You can still use RBD volumes and have that HA across multiple servers using pacemaker or pNFS. I prefer Ceph over Gluster mainly due to the fine control you can have.

programster · January 28, 2017

9 minutes ago, Electronics Wizardy said:

Well

Zfs isn't a distributed file system

Cephfs for file storage is in beta.

Gluster just works well and fairly high performance. You can also you something like lizardfs or storage spacedistributed.

Like I said, I was checking why GlusterFS was chosen and wasn't sure if being distributed was a requirement but guessed so, which is why suggested CephFS as well.
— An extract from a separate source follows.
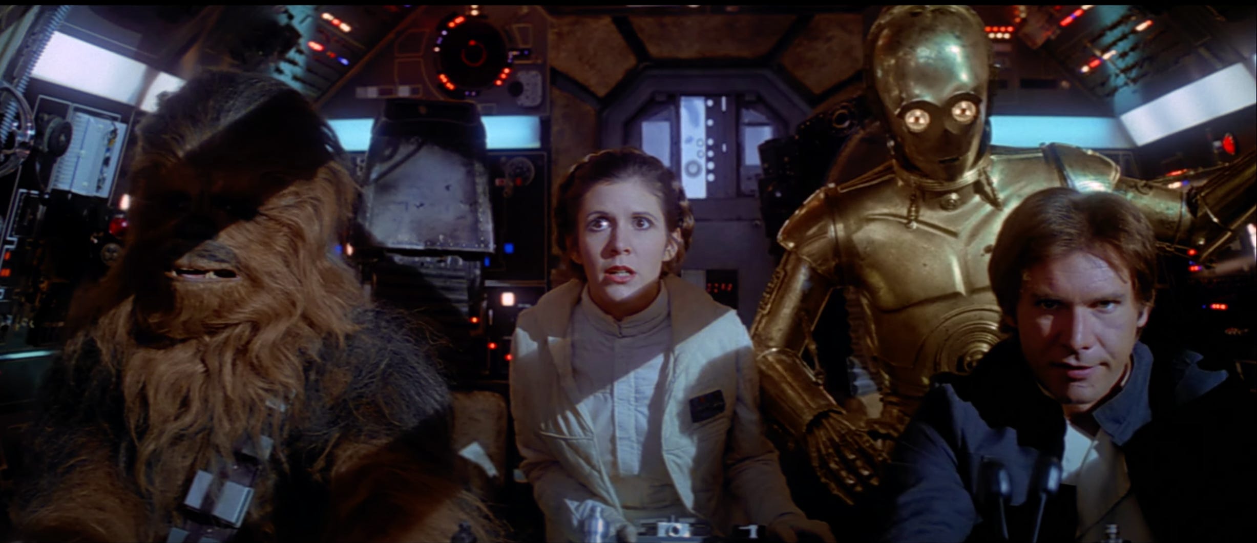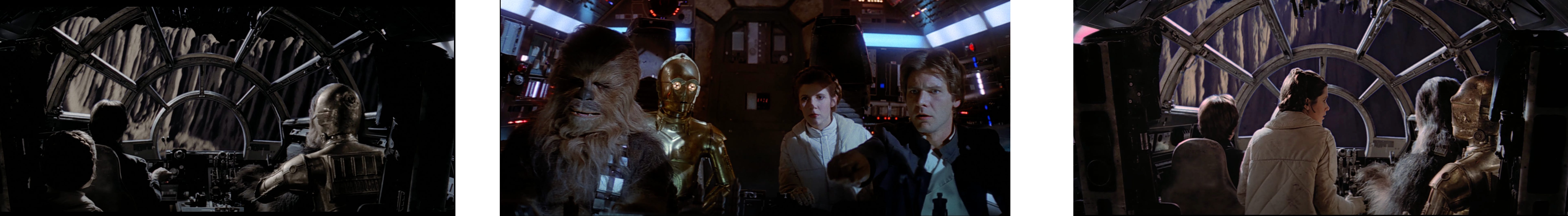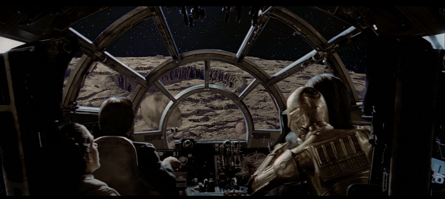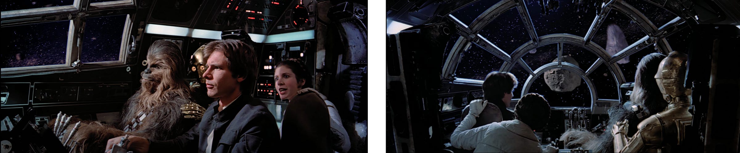 3PO’s recitation of the odds, where a quick reorientation brings us a new angle that gives the lie to Han and Chewie’s steely stoicism in the head-on view, and groups our family unit in the f.g. while keeping the omnipresent threat in the frame.

Can you link me where Ceph is in Beta? I know the CephFS part was under development last time I was looking into it, but thought that the block and object storage was not in beta, and the object storage would be perfect for archived videos.

leadeater · January 28, 2017

25 minutes ago, programster said:

If this is the case then I would recommend a Ceph cluster with multiple gateways. There is one major advantage to GlusterFS and that is that it is incredibly simple to setup in comparison, but Ceph will probably give you a better package in terms of features and flexibility. With a Ceph cluster, you can not only have a CephFS mounted filesystem (like NFS) but you can set up remote block storage for your VMs and object storage (like Amazon S3).

Yea I sort of wish they went with Ceph but Gluster meets the the most important criteria for them, simple.

Gluster also doesn't mind having disks part of arrays and uses the server itself as a node in the system rather than down to the disk level which is the preferred method in Ceph. This way you could have each server running ZFS and then layer Gluster over the top so you get the extra features like Deduplication, Tiering and Snapshots.

leadeater · January 28, 2017

3 minutes ago, programster said:

Can you link me where Ceph is in Beta? I know the CephFS part was under development last time I was looking into it, but thought that the block and object storage was not in beta, and the object storage would be perfect for archived videos.

He means purely CephFS component not Ceph the entire package. Currently only 1 metadata server is supported in a production deployment which is a single point of failure and a performance bottleneck, things that directly go against the principle of Ceph.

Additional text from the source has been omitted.